Faith Filled Friday is back again.
Welcome everyone.
Lately I have been trying to
understand the geography of loneliness. Loneliness can hurt so bad that it's as
if you stand before a canyon and scream just to hear your own echo and it too
never chooses to make a presence. Don't get me wrong; it is nice to sometimes have
the peace in being the lone soul of my abode. But mostly it is a lifelong
emotion, a feeling that hurts deeply. I asked myself a question the other day
while I was driving: "What is God trying to show me in with this constant
companion of loneliness?" I have heard many people say: "You're not
alone if you have Christ." This said by the people who have someone to
come home to, the never-lonely.
Sure, I get it; God loves me but
even God created a partner for Adam in the midst of the beautiful garden. I
have not only prayed to God about this, but had conversations with him from the
soul. I have asked for signs and understanding of many things in life and this
was no different. I have asked Him for an awakening and, yes, I have asked him
to connect me with just one person on this earth that I can share an unending
loyal companionship.
I have been so patient, so
understanding. I have seen friends I grew up with get married and divorced a
few times over. Yet I grow older alone. I can feel the opportunity to have
children slip away. When I have trusted to talk with friends and dared to
mention how lonely I am, they tell me I should be so happy and that I don't
know how lucky and good I have it. Really? Why must people completely discount
other people's feelings and emotions because they judge their life to be so
much harder? Perhaps it is my own fault to ask a person who isn't lonely
themselves.
But therein lies the problem: There
is no one to really talk to about this. It is not failure due to not trying. It
has made me even lonelier because it feels no one is there to talk to, and I
don't hold it against them. I know that God is there, but it doesn't change the
fact I am here alone and misunderstood by people that to me seem like they have
everything in life that I have wanted most and worked incredibly hard for, for
example, a family. When I see father playing with their children it makes me so
happy to witness such things, where children are happy and they are not
fatherless. But it also has left me crying in the moments afterwards as I sit
silently…alone.
It all came to a head the other day
and I screamed at God to just see me, hear me, help me, to stop abandoning me.

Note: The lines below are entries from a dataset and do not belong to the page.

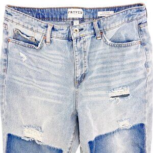 Frayed High Rise Ankle Straight Jeans Patchwork Size 31
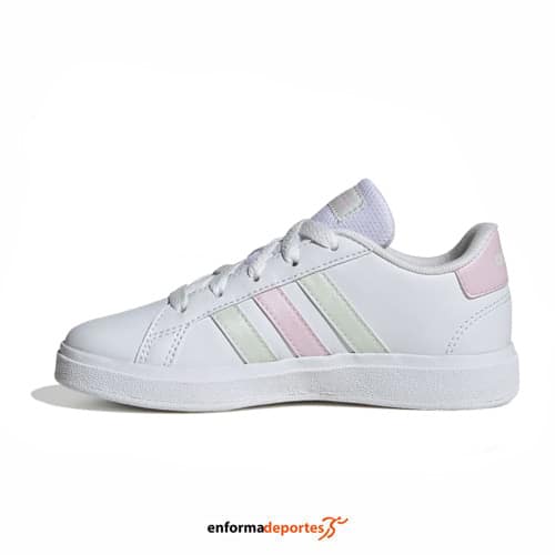 Zapatilla junior ADIDAS GRAND COURT 2.0 K, confeccionada en su parte superior de piel sintética, para mayor durabilidad, con forro textil, cierre con cordones para un ajuste personalizado y suela de goma para mayor agarre.
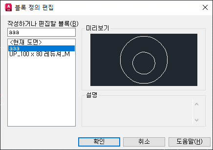 위 이미지는 블록 편집기 오토캐드 화면이며, 블록의 모양을 변경하거나 이동, 삭제하여 편집하면, 블록의 내용이 변경됩니다.
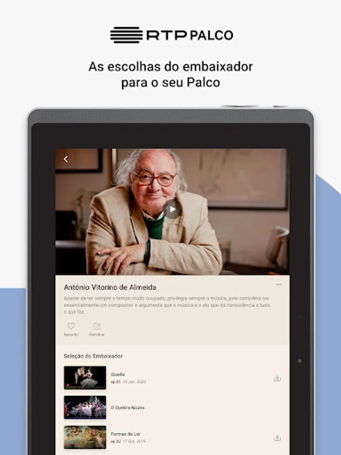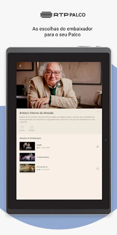 If you want to make a suggestion or report a problem with the application, contact us through the address teatro@rtp.pt
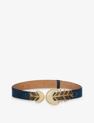 Sonia Petroff Shela 24ct gold-plated brass, Swarovski crystals, cabochon enamel lapis and leather belt- Price:£925.00
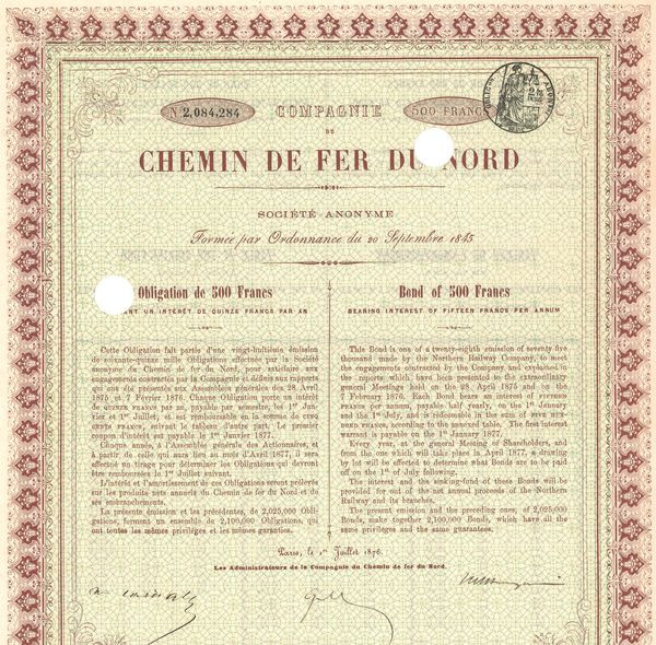 Cie du Chemin de Fer du Nord (Obl 500 F)(Perforée)
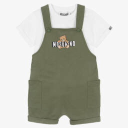 Khaki green and white cotton jersey dungaree set for little boys and girls by Moschino, featuring the brand's Teddy Bear logo for an adorable designer look. The dungarees have a partly elasticated waist for a comfortable fit and branded poppers on the straps for easy, adjustable fastening. Completing the set is a white tee with a black logo on one of the rolled-up sleeves.
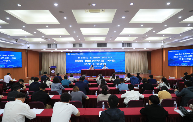 9月28日上午,捕鱼达人破解版 在图书馆报告厅召开2023-2024学年第一学期学生工作会议。党委书记刘莹、纪委书记葛志亮出席会议,二级学院党总支(直属党支部)书记、副书记,学工部、团委全体人员以及全体辅导员参加本次会议。会议由葛志亮主持。
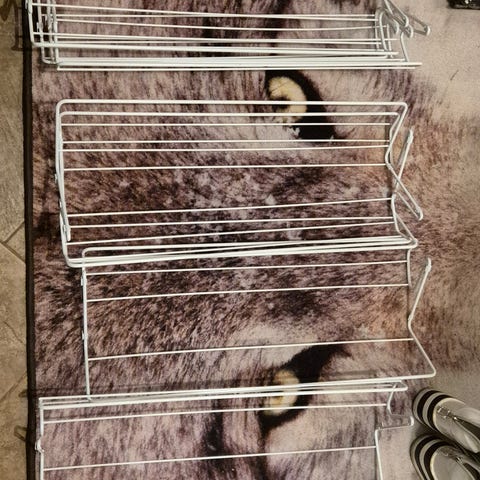 Ahtaaseen eteiseen paljon kenkiä imevä Ikea Algot säilytysjärjestelmän kenkähylly.

I asked him what price I had not paid, what leaf I left un-turned. What rock I
had not skipped across the caring waters of being a good man for other's and
the world. Why does He deem me not worthy to be trusted with love? How can I
project it from my deepest abyss to the world?
I have always asked God to make me a
better man. To let me learn not only more about the world through life
experiences but more about me and the man I aspire to be so one day if someone
does come along to love and care for that I can be the best man I can possibly
be not only for them but for myself. I don't want to be blinded by the pain,
but be even more freed because of it, the kind of freedom where I stand from
the plateau of understanding others who are going through it. I keep hearing this
whisper from within say: "In God's timing, not mine." and that is a
plateau all to itself within.
Blind faith is a mighty beautiful
thing, but sometimes its journey of holding on surely hurts. Keep holding on to
any of you that are there yourselves.